So, is CUDA “good?” Let’s dive into each perspective to find out! 🤿

This is Part 4 of Modular’s “Democratizing AI Compute” series. For more, see:

AI Engineers

Many engineers today are building applications on top of AI frameworks—agentic libraries like LlamaIndex, LangChain, and AutoGen—without needing to dive deep into the underlying hardware details. For these engineers, CUDA is a powerful ally. Its maturity and dominance in the industry bring significant advantages: most AI libraries are designed to work seamlessly with NVIDIA hardware, and the collective focus on a single platform fosters industry-wide collaboration.

However, CUDA’s dominance comes with its own set of persistent challenges. One of the biggest hurdles is the complexity of managing different CUDA versions, which can be a nightmare. This frustration is the subject of numerous memes:

Credit: x.com/ordax

This isn’t just a meme—it’s a real, lived experience for many engineers. These AI practitioners constantly need to ensure compatibility between the CUDA toolkit, NVIDIA drivers, and AI frameworks. Mismatches can cause frustrating build failures or runtime errors, as countless developers have experienced firsthand:

"I failed to build the system with the latest NVIDIA PyTorch docker image. The reason is PyTorch installed by pip is built with CUDA 11.7 while the container uses CUDA 12.1." (github.com)

or:

"Navigating Nvidia GPU drivers and CUDA development software can be challenging.

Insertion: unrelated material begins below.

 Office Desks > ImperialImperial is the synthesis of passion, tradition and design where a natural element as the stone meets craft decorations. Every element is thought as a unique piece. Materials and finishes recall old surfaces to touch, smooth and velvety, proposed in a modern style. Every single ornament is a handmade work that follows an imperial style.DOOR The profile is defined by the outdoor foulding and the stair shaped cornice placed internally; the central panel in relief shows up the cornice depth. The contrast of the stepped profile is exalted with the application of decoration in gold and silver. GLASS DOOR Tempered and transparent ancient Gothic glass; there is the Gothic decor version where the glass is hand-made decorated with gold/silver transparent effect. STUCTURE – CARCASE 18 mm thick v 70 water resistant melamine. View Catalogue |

Upgrading CUDA versions or updating the Linux system may lead to issues such as GPU driver corruption." (dev.to)

Sadly, such headaches are not uncommon. Fixing them often requires deep expertise and time-consuming troubleshooting. NVIDIA's reliance on opaque tools and convoluted setup processes deters newcomers and slows down innovation.

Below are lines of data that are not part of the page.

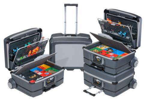 "longDescription": "<h2>Chariot de service/chariot de montage</h2><ul><li>Fabriqué en polycarbonate, cadre en aluminium</li><li>Peut être ouvert et fermé d'une seule main</li><li>Le couvercle se verrouille à l'ouverture et se freine à la fermeture.</li><li>Verrouillable avec une serrure à combinaison</li><li>Tiroir télescopique à 4 volets en aluminium</li><li>Roues à roulement doux, résistantes à l'usure, montées sur roulement à billes.</li></ul><br>L'affaire<br>Ce chariot de service de la série ProServe d'Allit est fabriqué en polycarbonate et est donc extrêmement robuste et résistant aux chocs. Le cadre du profilé est en aluminium et se ferme hermétiquement. L'étui est facile à ouvrir et à fermer d'une seule main : Il suffit d'appuyer sur le boîtier pour le fermer et d'actionner le levier à une main pour l'ouvrir. Le couvercle se verrouille en position lorsqu'il est ouvert. En outre, il dispose d'un frein de couvercle intégré, qui offre une résistance et contrôle ainsi le poids du couvercle lors de la fermeture. L'étui peut être verrouillé par une serrure à combinaison et protège vos ustensiles contre tout accès non autorisé.<br><br>Le châssis<br>Le chariot est doté d'une extension télescopique quadruple en aluminium. Celle-ci est actionnée par un bouton poussoir. Les roues à roulements à billes sont particulièrement fluides et extrêmement résistantes à l'usure. <br><br>L'équipement intérieur<br>Le chariot de montage est disponible au choix comme modèle de base ou avec divers aménagements intérieurs. Vous pouvez équiper le modèle de base de nombreux éléments de compartimentage en fonction de vos besoins individuels. Vous pouvez notamment choisir entre des porte-outils, des boîtes à petites pièces ou des inserts en mousse.<br><br>Le matériau<br>Le polycarbonate présente une résistance, une rigidité et une dureté élevées et possède de bonnes propriétés d'isolation contre l'électricité. En outre, le matériau a une large gamme de températures et résiste à l'eau, à de nombreuses huiles et graisses, à de nombreux acides minéraux et à des solutions aqueuses de sels neutres et d'agents oxydants. Le polycarbonate a donc une très grande résistance au vieillissement et fait de ce chariot de montage votre compagnon pendant de nombreuses années.<br><br><strong>Bon à savoir !</strong><br>Vous planifiez un voyage en avion avec votre valise de transport à roulettes ? Commandez en même temps la sangle de valise avec serrure à combinaison TSA.<br>",
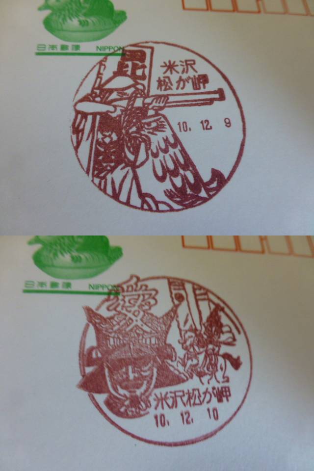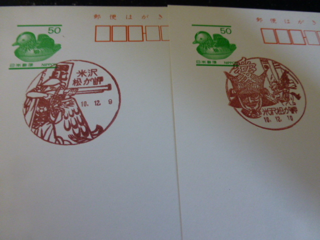 - ☆鴛鴦はがき 終日初日風景印 山形 米沢松が岬 H10.12.9~10
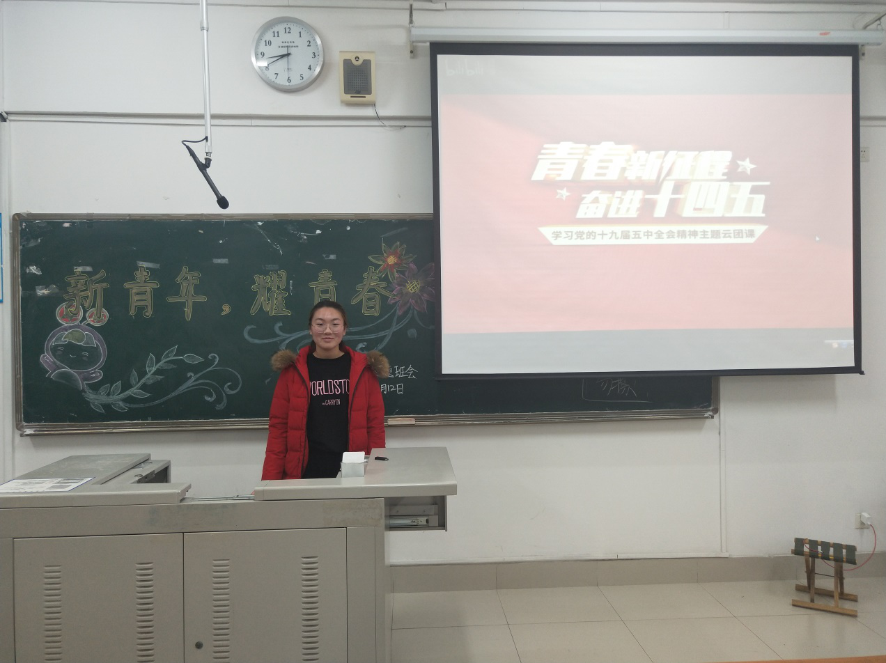 活动伊始,2020级社会工作专业团支书娄静雯主持召开了以“新青年,耀青春”主题班会,为学生们解读了共青团的特性的主要表现和根本任务,帮助学生们了解了共青团员的义务与责任。紧接着,2020级社会工作班干部们提出了本学期学生们存在的问题,激励学生们争创优秀班级的坚定决心与魄力。随后,全体学生观看了党的十九届五中全会精神主题云团课,深入贯彻落实十三五以来中国的成就以及十四五的社会发展规划。最后,团支书娄静雯对于本次活动做了总结。学生们认真倾听现场氛围良好。
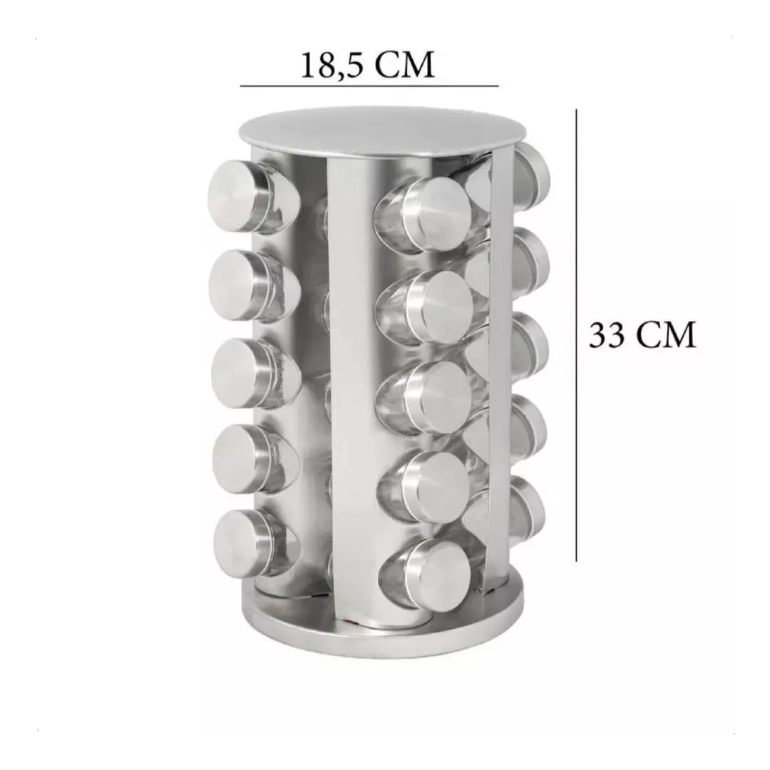 Especiero Giratorio 20 Condimentos Vidrio Y Acero Inoxidable Plateado

In response to these challenges, NVIDIA has historically moved up the stack to solve individual point-solutions rather than fixing the fundamental problem: the CUDA layer itself. For example, it recently introduced NIM (NVIDIA Inference Microservices), a suite of containerized microservices aimed at simplifying AI model deployment. While this might streamline one use-case, NIM also abstracts away underlying operations, increasing lock-in and limiting access to the low-level optimization and innovation key to CUDA's value proposition.

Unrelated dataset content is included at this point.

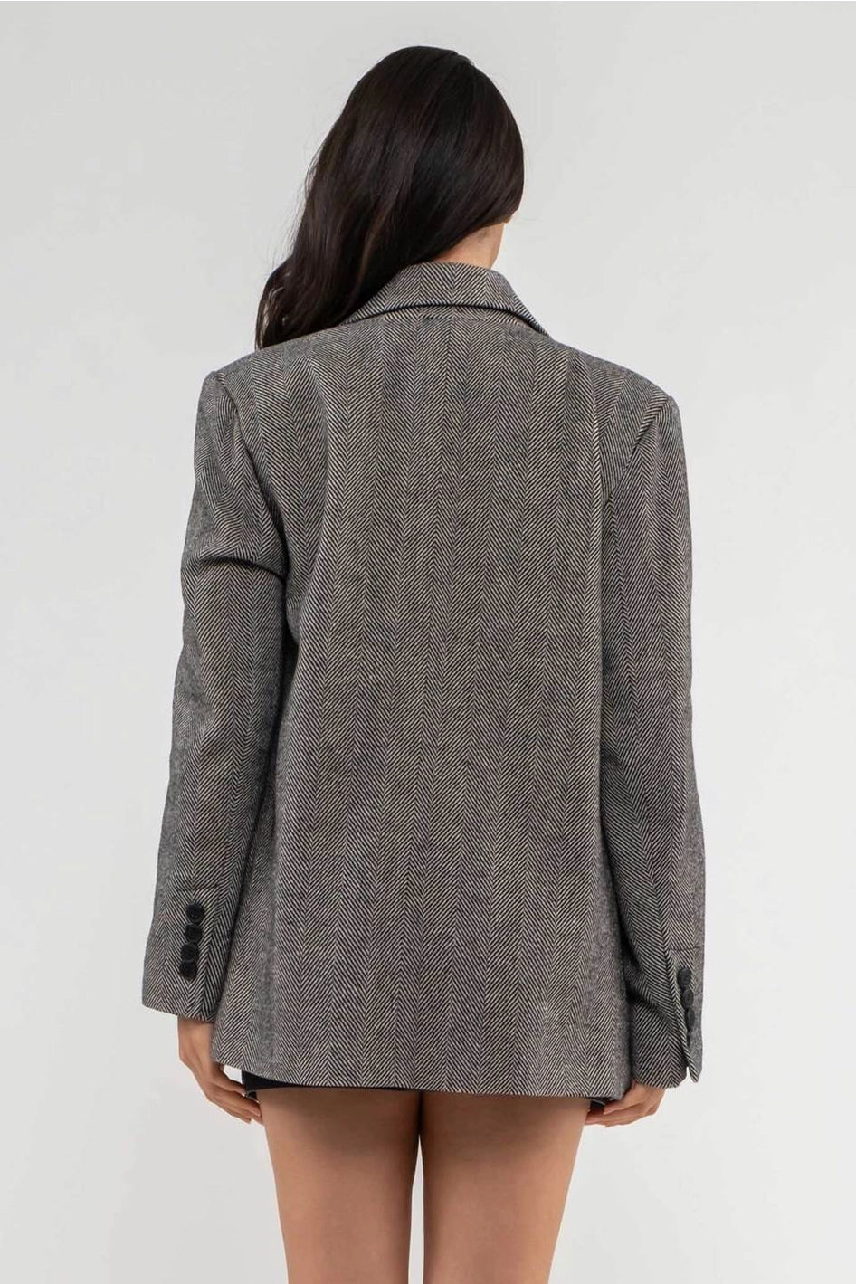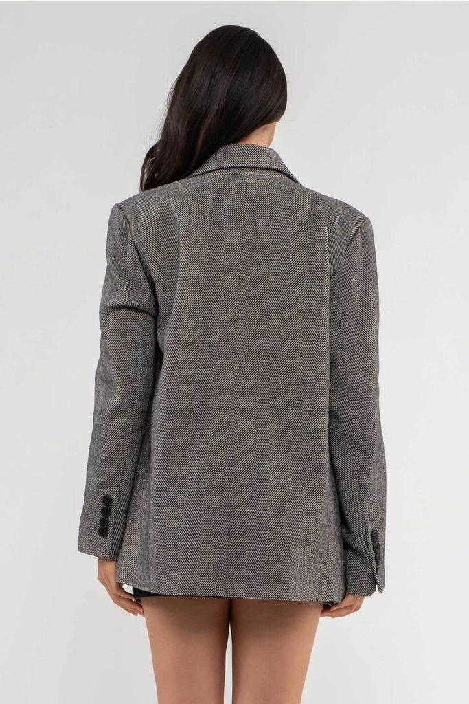 Meet the "Kat" Oversized Blazer—a playful twist on classic style. Featuring a notch collar and long sleeves with buttoned cuffs, it combines comfort with charm. The long line cut and chevron plaid pattern in chic grey make it perfect for layering any outfit. Little details like mock pocket tabs and button accents add a fun, unique touch to your wardrobe.

While AI engineers building on top of CUDA face challenges with compatibility and deployment, those working closer to the metal—AI model developers and performance engineers—grapple with an entirely different set of trade-offs.

AI Model Developers and Performance Engineers

For researchers and engineers pushing the limits of AI models, CUDA is simultaneously an essential tool and a frustrating limitation. For them, CUDA isn’t an API; it’s the foundation for every performance-critical operation they write. These are engineers working at the lowest levels of optimization, writing custom CUDA kernels, tuning memory access patterns, and squeezing every last bit of performance from NVIDIA hardware. The scale and cost of GenAI demand it. But does CUDA empower them, or does it limit their ability to innovate?

Despite its dominance, CUDA is showing its age. It was designed in 2007, long before deep learning—let alone GenAI. Since then, GPUs have evolved dramatically, with Tensor Cores and sparsity features becoming central to AI acceleration. CUDA’s early contribution was to make GPU programming easy, but it hasn’t evolved with modern GPU features necessary for transformers and GenAI performance. This forces engineers to work around its limitations just to get the performance their workloads demand.

CUDA doesn’t do everything modern GPUs can do

Cutting-edge techniques like FlashAttention-3 (example code) and DeepSeek’s innovations require developers to drop below CUDA into PTX—NVIDIA’s lower-level assembly language. PTX is only partially documented, constantly shifting between hardware generations, and effectively a black box for developers.

More problematic, PTX is even more locked to NVIDIA than CUDA, and its usability is even worse. However, for teams chasing cutting-edge performance, there’s no alternative—they’re forced to bypass CUDA and endure significant pain.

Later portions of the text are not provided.